United colors of crime, superbe !

Richard Morgièvre est un mec que j’aime bien. Quand je publiais des livres, on était dans la même écurie. C’est un homme plein de charme, de gentillesse, d’empathie. Toutes les nanas de l’éditions — et les autres —  tombaient amoureuses de lui. Cependant, à part Un petit homme de dos, très beau livre sur son père, et quelques rares autres, ses livres me paraissaient assez hermétiques, zarbi, trash. Aujourd’hui, il reconnaît lui-même que ce n’était pas très lisible. Je pense à celui sans ponctuation  (et dont Djian va reproduire le système à la rentrée). Donc ça, l’expérimental, le torturé, le cérébral, c’est fait.
Ce qui n’était pas fait, c’était une grande fresque, comme on dit, qui nous laisse exsangues et orphelins,  une fois le dernier paragraphe avalé tout rond. Une véritable épopée que cet United colors of crime qui se déroule dans le rugueux grand ouest (ou middle) américain, enfer rugueux où les bons et les méchants se catapultent inexorablement en  d’infernales tribulations tendance sanglante.
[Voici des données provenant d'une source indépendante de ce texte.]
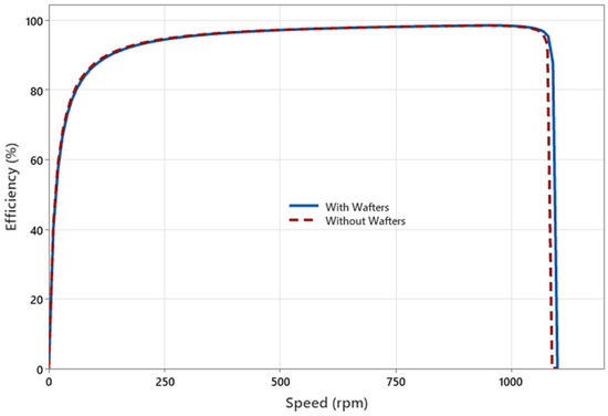 Figure 14 plots the efficiency of an IWM with and without wafters against the rotating speed. The IWM’s efficiency with wafters differs from that without wafters, but the difference is minor. The average efficiency of an IWM with wafters is 92.6%, whereas that of an IWM without wafters is 92.1%. Applying wafters to the IWM improves the machine’s efficiency by 0.6%.
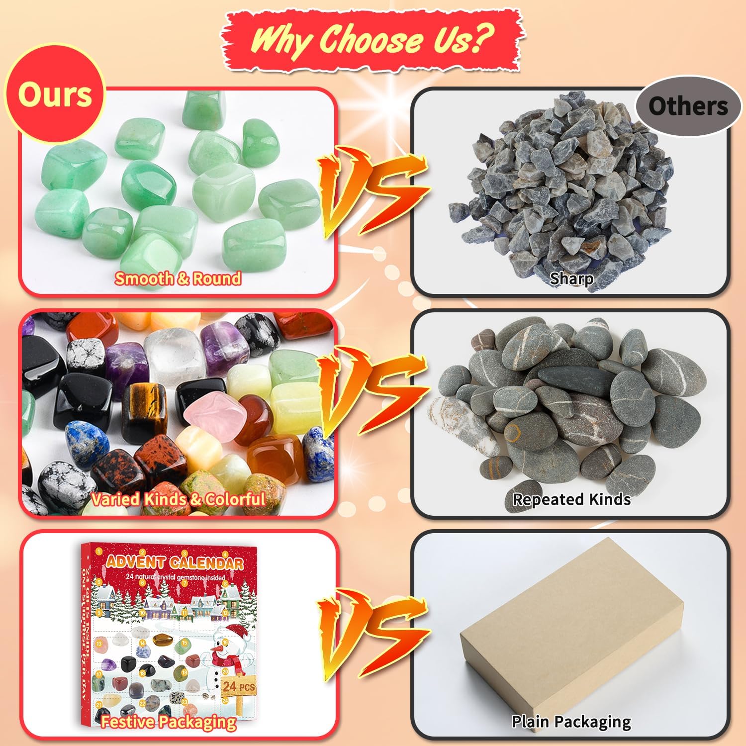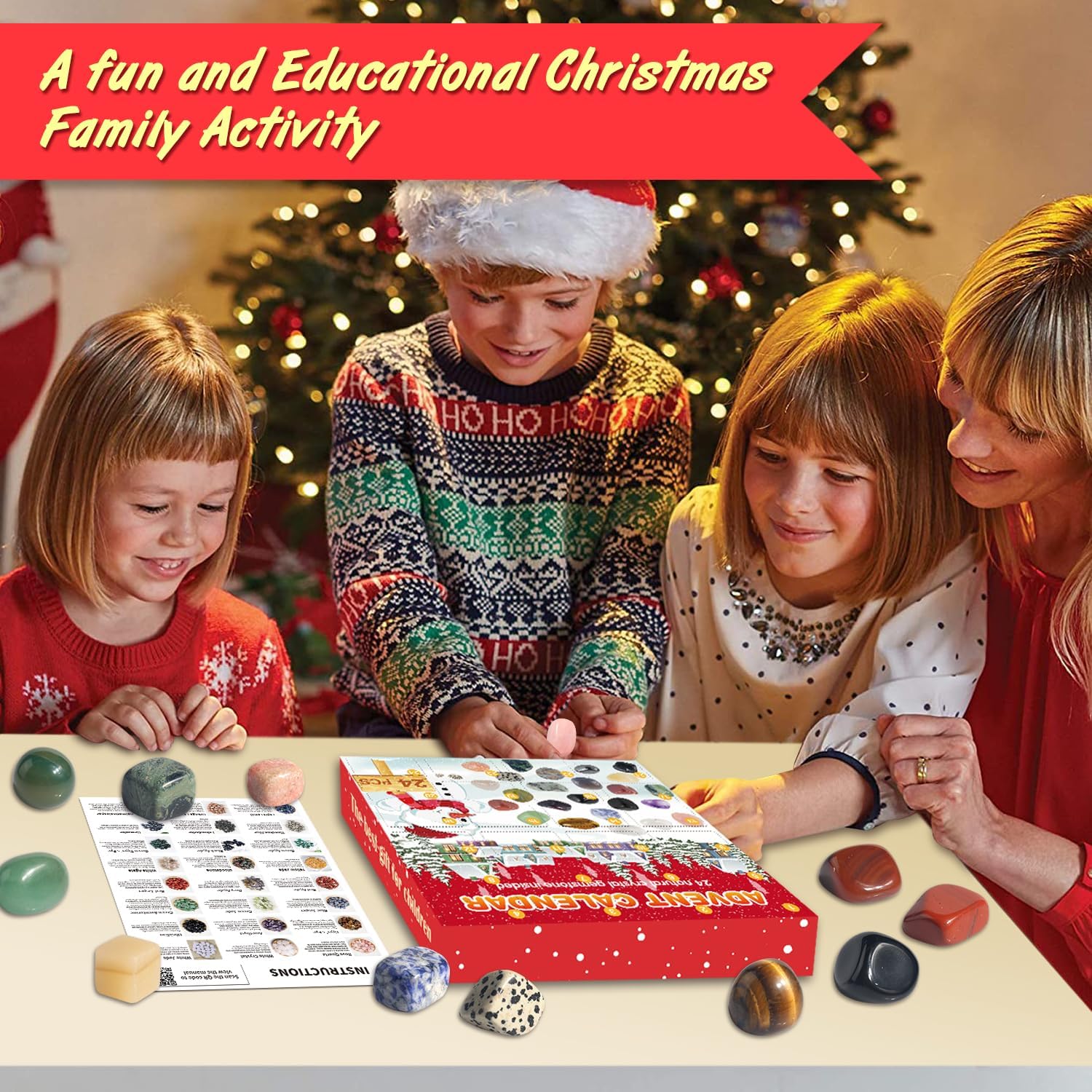 Upgraded Crystals Advent Calendar 2024: 24 Days Christmas Vacation Advent Calendar with natural crystals, stones, and rocks, including Quartz, Jasper, Agate, Jade, and more. Celebrate the holiday season with our gem stone advent calendar.

Le héros s’appelle Chaim Chlebeck, c’est un Polak qui a volé l’identité d’un combattant mort près de lui, en 44. Se refaire une virginité, c’est partir là-bas, où l’herbe, comme le dollar, est plus verte. Petit détour par la grosse pomme, en plein coeur de la mafia dont il devient un électron. Pas pour longtemps car prendre l’oseille et se tirer, c’est garder l’épée de Damoclès au-dessus du scalp. Il se fait rattraper par des tueurs, est laissé pour mort et s’éveille sous les soins méticuleux d’une Indienne borgne et énergique mariée à un vieux type cool, ex-espion des Allemands. Il est en charpie, sa jolie gueule d’amour devient gueule de casting, il ne rêve que d’une chose : prendre l’Indienne et se tirer avec le pèze planqué, là-bas au Mexique. Mais c’est sans compter sur les aléas d’une vie pleine de trous, de trompe-la- mort, de feu et pétards en tout genre, des blessures chelou, de petits loups recueillis puis tirés comme des lapins, de contrats sur sa tête, de cow-boys qui vouent une haine puante aux blancs qui couchent avec des squaws. Et de vieilles caisses américaines pus ou moins rutilantes, explosives, décaties.
C’est sans compter surtout sans ce talent inédit de Richard Morgièvre qui nous installe devant l’écran de ce western cahotique, caillouteux, cailleratesque, karchérique, qui prend aux tripes, au coeur et au crâne. C’est comme je vous le dis ! C’est sensass, vraiment, et Dallas, l’Indienne borgne, on a envie d’être elle pour être aimée comme ça. Et réciproquement quand on est un homme, me souffle ma part masculine. Car mon cerveau respecte parfois la parité.

United of Crime de Richard Morgièvre , 2012, aux Editions Montparnasse.  320 pages joliment imprimées.